They were phenomenal in every department and erased every stereotype of nursing homes.

When Barbara Johnson came to Wooldridge Place Nursing Center in Corpus Christi, Texas, on Jan. 27, 2016, the left side of her body and right side of her brain had been impacted by a stroke.


She couldn’t walk on her own or take care of herself, and her lack of awareness of her surroundings was risky for her.


Physical, occupational and speech therapists met with Johnson five days a week to help her recover her physical and mental abilities and go home.


Martha Ortegon, speech therapist, worked with Johnson on recovering her cognitive skills. Johnson had trouble reading, writing, doing mathematical calculations and problem solving. Knowing that Johnson was a younger patient, Ortegon helped her use her phone as an assistive device to set calendar reminders and alarms for medication. She also used a memory book to help Johnson recall events and processes.

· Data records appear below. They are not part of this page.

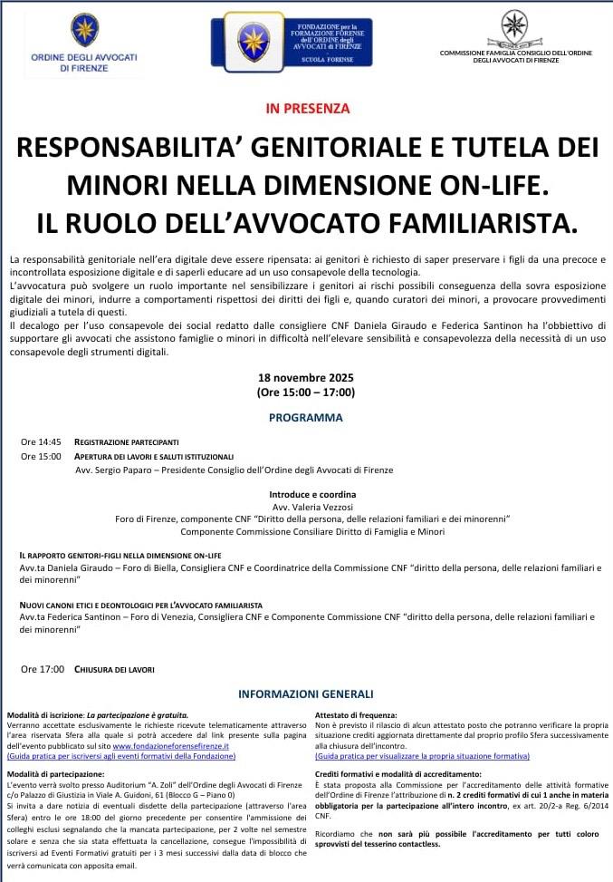 Modalità di partecipazione: L’evento verrà svolto presso Auditorium “A. Zoli” dell’Ordine degli Avvocati di Firenze c/o Palazzo di Giustizia in Viale A. Guidoni, 61 (Blocco G – Piano 0) Si invita a dare notizia di eventuali disdette della partecipazione (attraverso l'area Sfera) entro le ore 18:00 del giorno precedente per consentire l'ammissione dei colleghi esclusi segnalando che la mancata partecipazione, per 2 volte nel semestre solare e senza che sia stata effettuata la cancellazione, consegue l'impossibilità di iscriversi ad Eventi Formativi gratuiti per i 3 mesi successivi dalla data di blocco che verrà comunicata con apposita email.
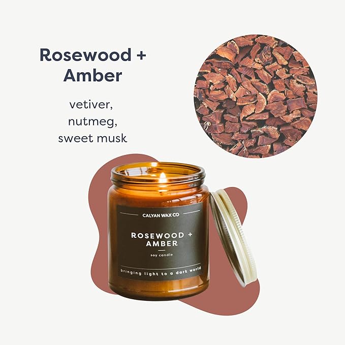 Calyan Wax Co. Rosewood & Amber Scented Candle - 57 Hour Burn - Luxury Non Toxic Soy Wax Candles - Long Lasting Amber Glass Jar Candle for Home - 7.2oz
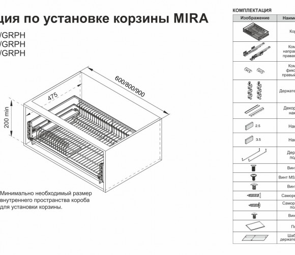MIRA KRS06 — выдвижная корзина-сушка в эксклюзивном дизайне с плоским прутком предназначена для хранения разноплановой посуды в нижней базе мебельного гарнитура.
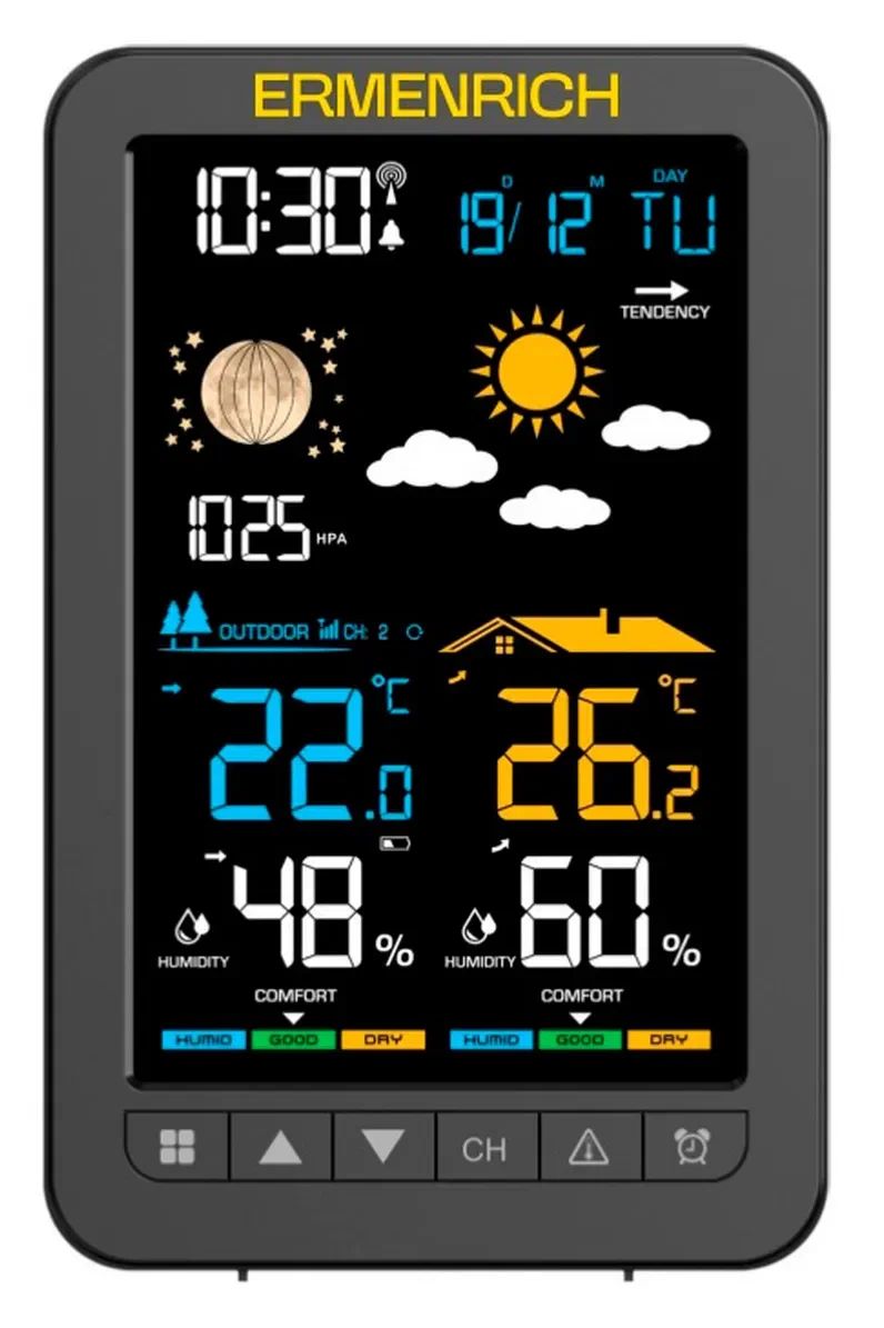 Благодаря сочетанию точных измерений температуры, влажности и давления, наглядного цветного дисплея, прогноза погоды, индикации комфорта, отображения фазы Луны и базовых функций часов с будильником метеостанция Ermenrich Report WR30 становится универсальным домашним помощником для тех, кто хочет всегда иметь под рукой актуальную и наглядную картину погоды и состояния микроклимата.
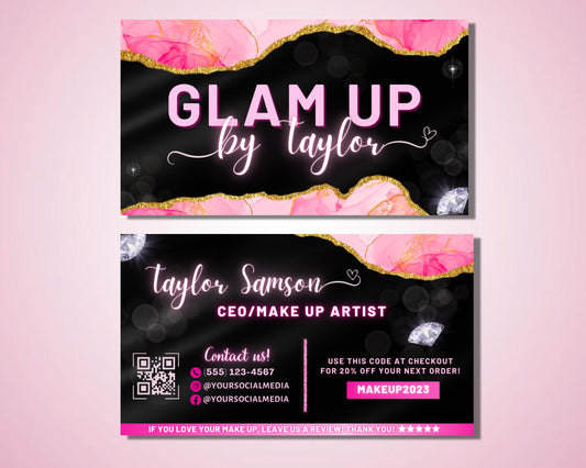 Glam Business Cards, DIY Business Card Template Design, Beauty Boutique Business Cards, Marble Pink Business Card, Premade Business Cards
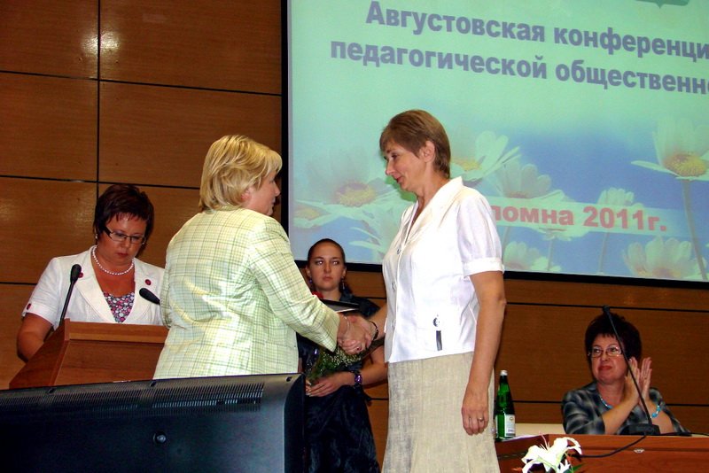 С особым вниманием слушали участники конференции выступление министра образования Правительства Московской области Л. Н. Антоновой. Она тепло отозвалась о Коломне, в которой ей всегда очень приятно бывать, похвалила работу городской администрации и работников образования, рассказала о существующих проблемах в сфере образования и о стратегиях, разрабатываемых сейчас Министерством образования, которые призваны их разрешить. В завершение своего выступления Лидия Николаевна вручила награды губернатора Московской области Б. В. Громова лучшим коломенским педагогам.
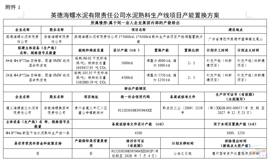 10月27日,广东省工信厅发布《广东省工业和信息化厅关于英德海螺水泥有限责任公司水泥熟料生产线项目产能置换方案的通告》,英德海螺水泥有限责任公司4#5000t/d熟料生产线和2#4500t/d熟料生产线将分别补充1000t/d和1250t/d产能,置换比例2:1,产能指标来源为遵义海螺盘江水泥有限责任公司4500t/d熟料线。
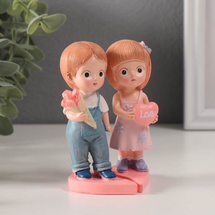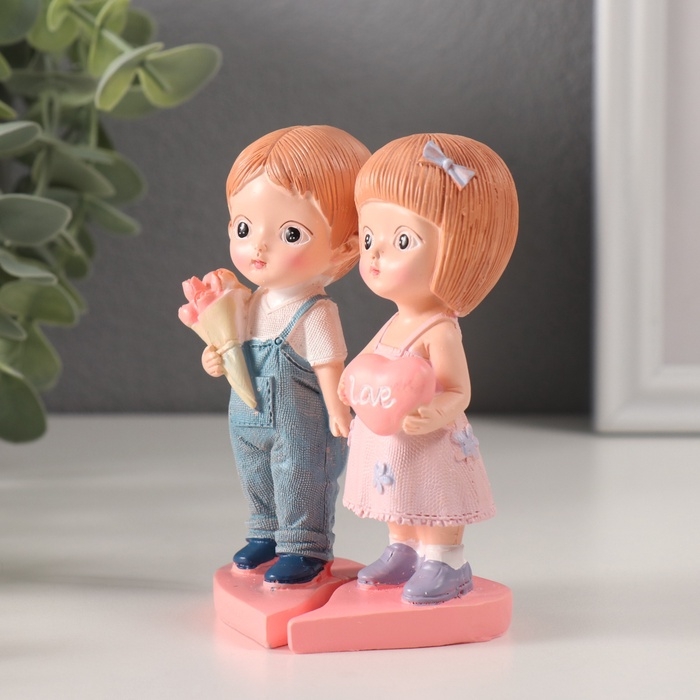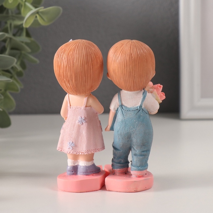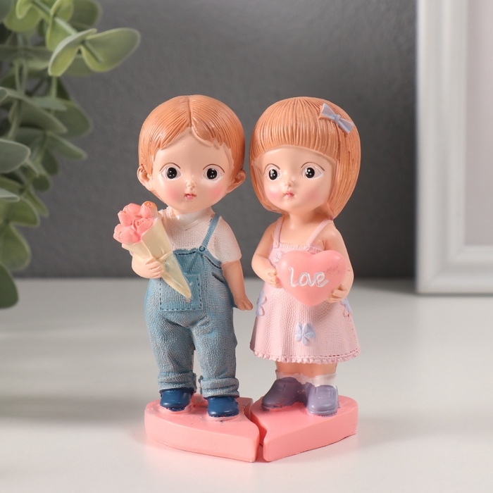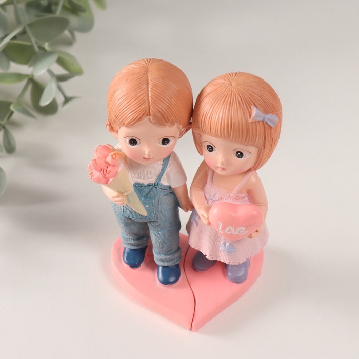 Сувенир полистоун "Парочка с сердцем и с букетом" набор 2 шт 7х6,5х11 см
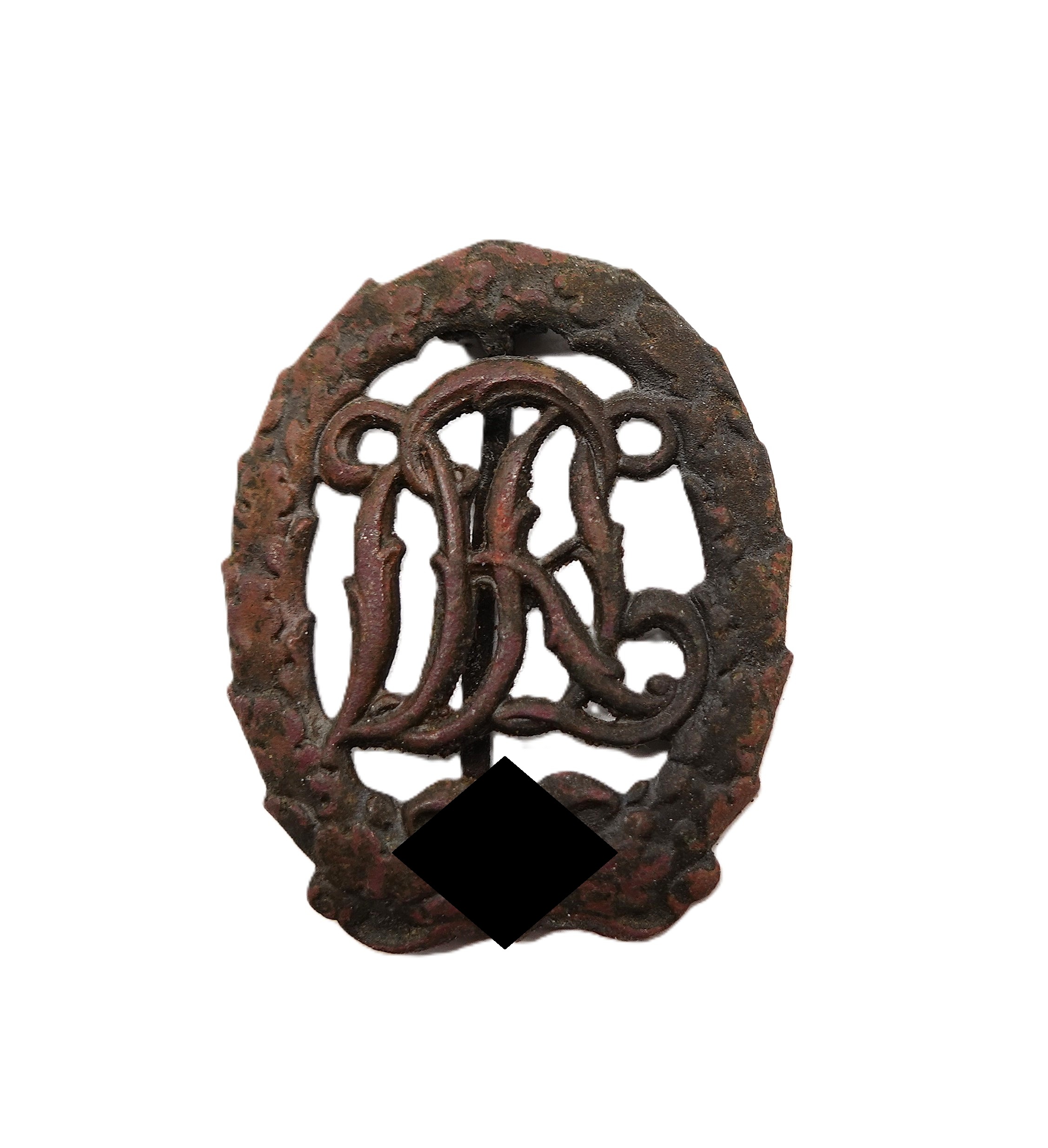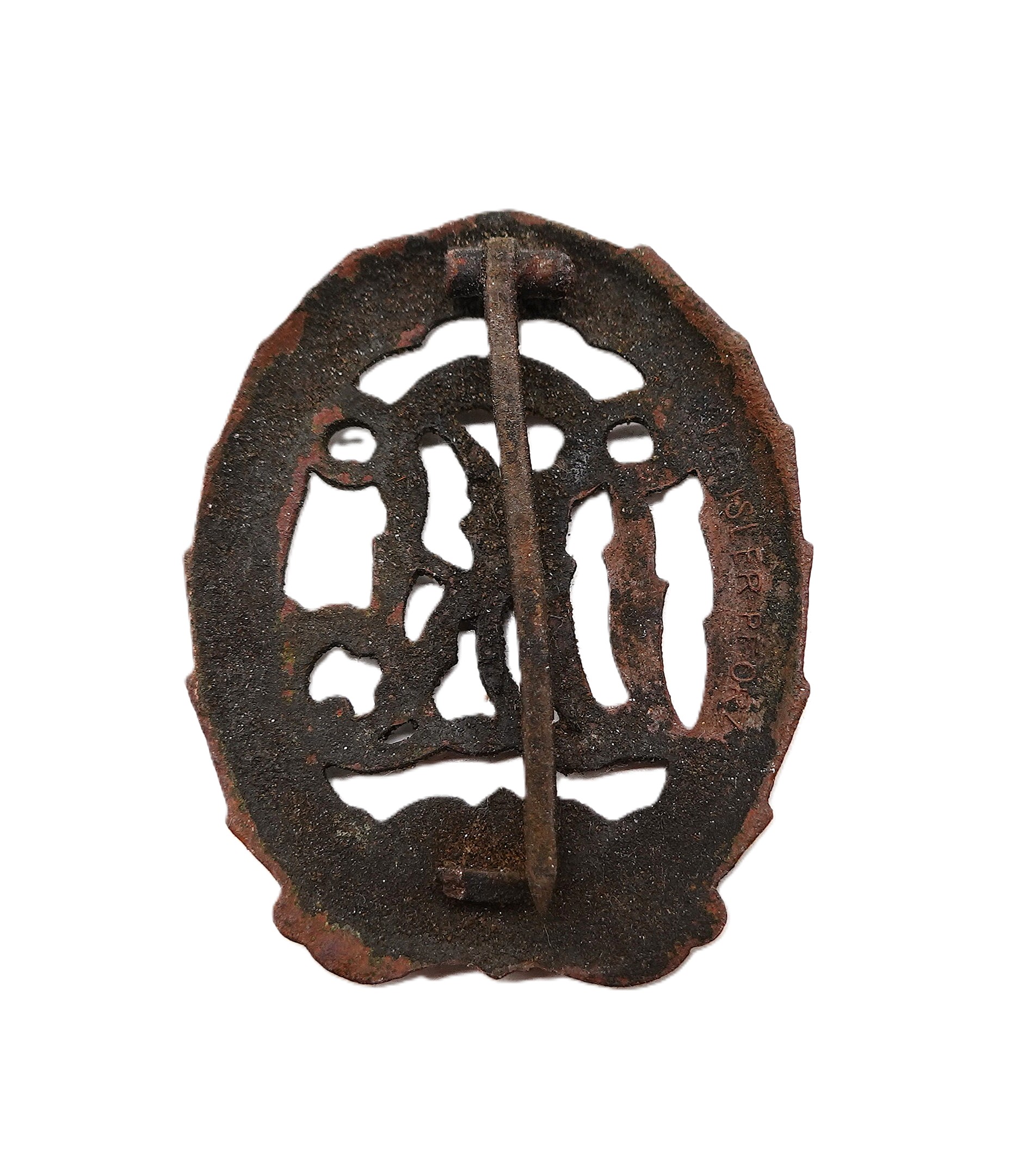 DRL Sportabzeichen – Hersteller Hensler, Pforzheim – D.R.G.M. 35269. Bodenfund ohne Nadelhaken.

Physical therapists worked with Johnson on relearning to walk, and one of the tools they used was the AlterG® Anti-Gravity Treadmill®. The AlterG looks like a regular treadmill with a bubble-like enclosure from the waist down, which the user zips up to create a reduced-gravity environment. The machine provided Johnson with an environment in which she could focus on her gait without worrying about falling.


PTs also did balance training with Johnson as she regained strength and range of motion.


Occupational therapists worked with Johnson on relearning her daily self-care tasks, like bathing, dressing and grooming. They taught her strategies to compensate for her remaining weakness.


On Feb. 17, Johnson returned home, able to get around with a rolling walker and able to take care of her self-care tasks on her own. Her memory and cognitive skills were much improved, and she was able to return to work.


“They helped me regain my sense of independence,” Johnson said about her care team. “They were optimistic for the future. They were phenomenal in every department and erased every stereotype of nursing homes. The staff is genuine, and all my needs were met.”


Johnson has since returned as an outpatient and is working on regaining even more independence.